Magnesium deficiency is detrimental to plants

The importance of magnesium in plants and animals has long been known, but the details of its uptake and transport in plants are largely unexplored. The recent results from an international collaboration led by Cornelia Spetea (University of Gothenburg), published in Frontiers in Plant Science, provide new knowledge about the role of magnesium uptake by plants in photosynthesis and in the function of chloroplasts. The data show that the activity of magnesium transport proteins is essential for plant metabolism and chloroplast functioning, impacting growth and agricultural yield.

Magnesium deficiency in humans is often associated with unpleasant symptoms, perhaps the best known of which is muscle cramps in the legs. This is because magnesium is essential for the function of more than 300 enzymes that are responsible for the proper activity of the nervous system and muscles, the synthesis of proteins, DNA and RNA, and the regulation of blood sugar and blood pressure.

Magnesium is also an essential mineral for plants, where it is required for the function of many proteins, including the enzymes involved in photosynthetic carbon fixation in chloroplasts. Additional roles for this ion in photosynthesis are incorporation into the porphyrin skeleton of the green pigment, chlorophyll, and involvement in the organization of photosynthetic (thylakoid) membranes. It is therefore not surprising that 15-35% of the total magnesium content of plants is found in chloroplasts.

Despite its importance, relatively little is known about how magnesium is taken up and transported by plants through their bodies and cells. For the proper growth and healthy development of our crops,

it is important to understand how essential nutrients present in the soil are transported from the roots to the place where they are used in the plants, for example into the chloroplast for photosynthesis.

The ions can only pass through membranes by means of special ion channels and transporters. Led by Cornelia Spetea, a team of researchers from Sweden, Japan, Hungary, Denmark, and USA investigated how magnesium enters the plant’s photosynthetic organelle, the chloroplast.

The work recently published in Frontiers in Plant Science, characterized the function of three proteins from two distinct families previously identified in the model plant Arabidopsis thaliana. These are called magnesium release 8 and 9 (MGR8, MGR9) and magnesium transporter 10 (MGT10). All three studied proteins are located in the envelope of the chloroplast and are involved in the transport of magnesium across this membrane. They have also been shown to play important roles in the regulation of different processes during photosynthesis. The work also identified and characterized for the first time a protein from the unicellular green alga Chlamydomonas reinhardtii, MRS4, which has a similar function as the MGT10 described in Arabidopsis.

The analyses suggest that MGT10 protein is a magnesium ion channel, while MGR8 and MGR9 are magnesium transporters that may require the presence of sodium ions. This phenomenon is of interest for several reasons: firstly, because sodium is not an essential nutrient for plants, so little is known about its transport mechanisms within the plant cell, and secondly, because the presence of this ion has a negative effect on photosynthesis, among other things, in plants growing in saline or high-salinity soils. 

‘We observed evident decrease in the photosynthetic performance of the mutant plants lacking one or two of these magnesium transport proteins, which underlines the importance of this element in plant metabolism’

– summarizes Professor Cornelia Spetea from the University of Gothenburg the major findings of the work.

The importance of the uptake of magnesium by the chloroplast, and the role of MGT10 in this process, is also demonstrated by the fact that mutant plants that are completely lacking this protein (knock-out) are not viable. Therefore, only so-called knock-down mutant plants could be analyzed in the studies, in which the expression of this gene is lower and thus have a smaller amount of the protein. These mutant plants had yellow leaf veins instead of the green veins observed in wild-type plants. The yellow leaf veins indicates that chlorophyll formation is inhibited in these regions. 

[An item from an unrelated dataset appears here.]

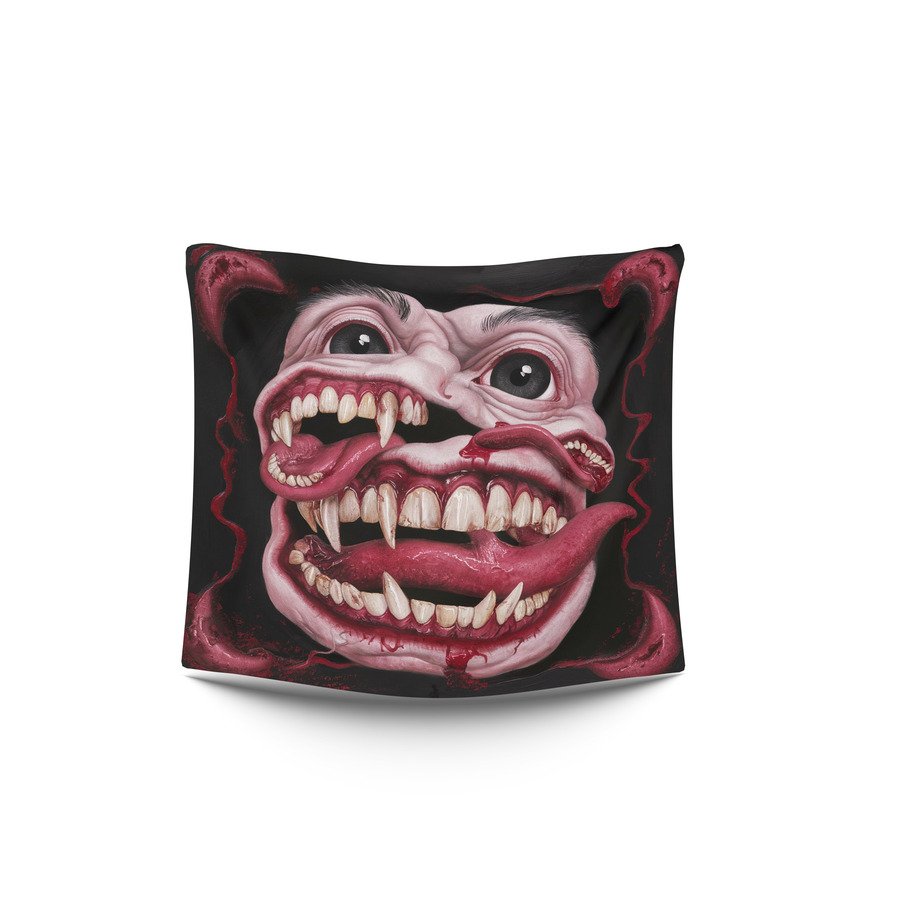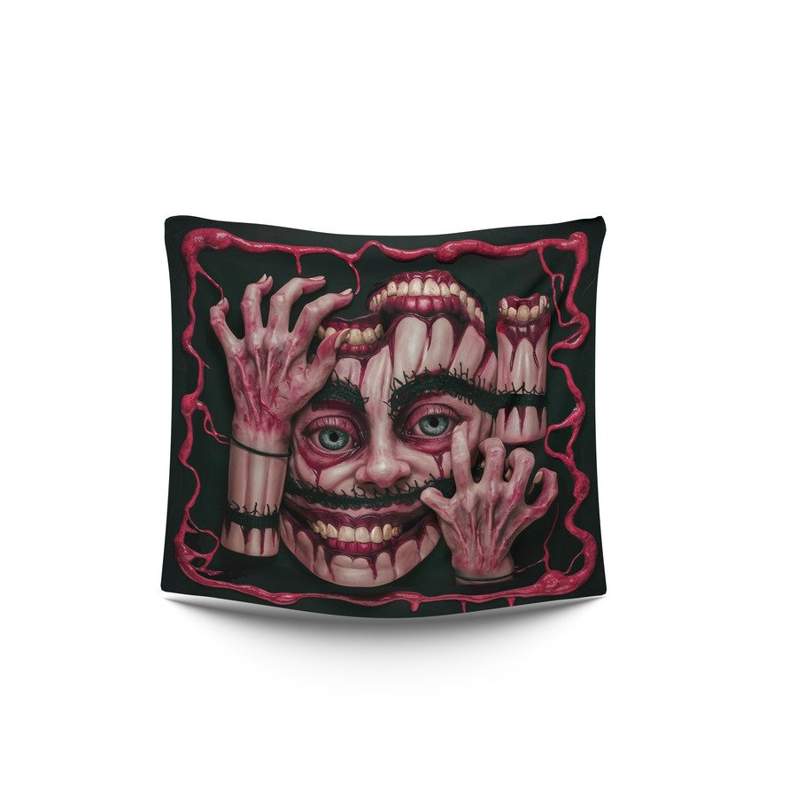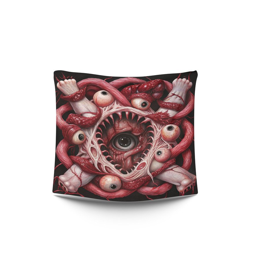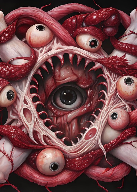 Ominous illustration in black and red colors. Intertwined severed body parts and eyes are depicted. The flesh of which is covered in places with black stitches. In the background there are bloody bruises forming a frame.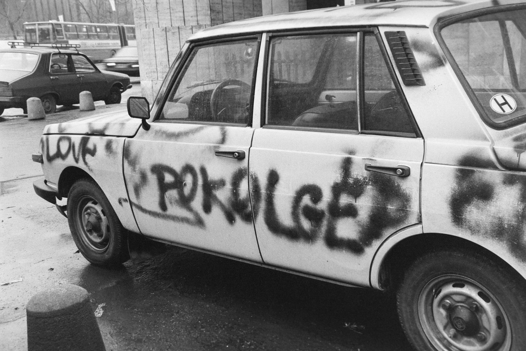 1990 szilveszter éjjelén fejezte ki Pokolgép-rajongását valaki egy Wartburgon Budapesten, az Erzsébet körút és a Rákóczi út sarkánál, az EMKE előtt. Balra a háttérben a Corvin Áruház (Forrás: Fortepan/Vimola Károly)

‘Moreover, a particular thylakoid organization was observed in the cells near the leaf veins. Even within the same cell, there were chloroplasts with normal thylakoids as well as some with thylakoids organized in large grana (so-called macro-grana) and small membrane vesicles’ – explains Katalin Solymosi, from Eötvös Loránd University, Hungary, who performed the microscopic analyses.

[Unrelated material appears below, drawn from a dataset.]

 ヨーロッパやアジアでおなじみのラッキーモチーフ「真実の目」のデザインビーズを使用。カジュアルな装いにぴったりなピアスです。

Further investigation is needed to understand exactly why two differently organized plastid types are present within a single cell. 

The yellow discoloration of the leaf veins is also typical of certain viral infections and deficiencies of other essential nutrients such as iron. These studies suggest that similar symptoms may also occur in case of inadequate intracellular transport of magnesium, and that the presence and the proper functioning of the studied proteins is essential for plant metabolism and thus agriculture.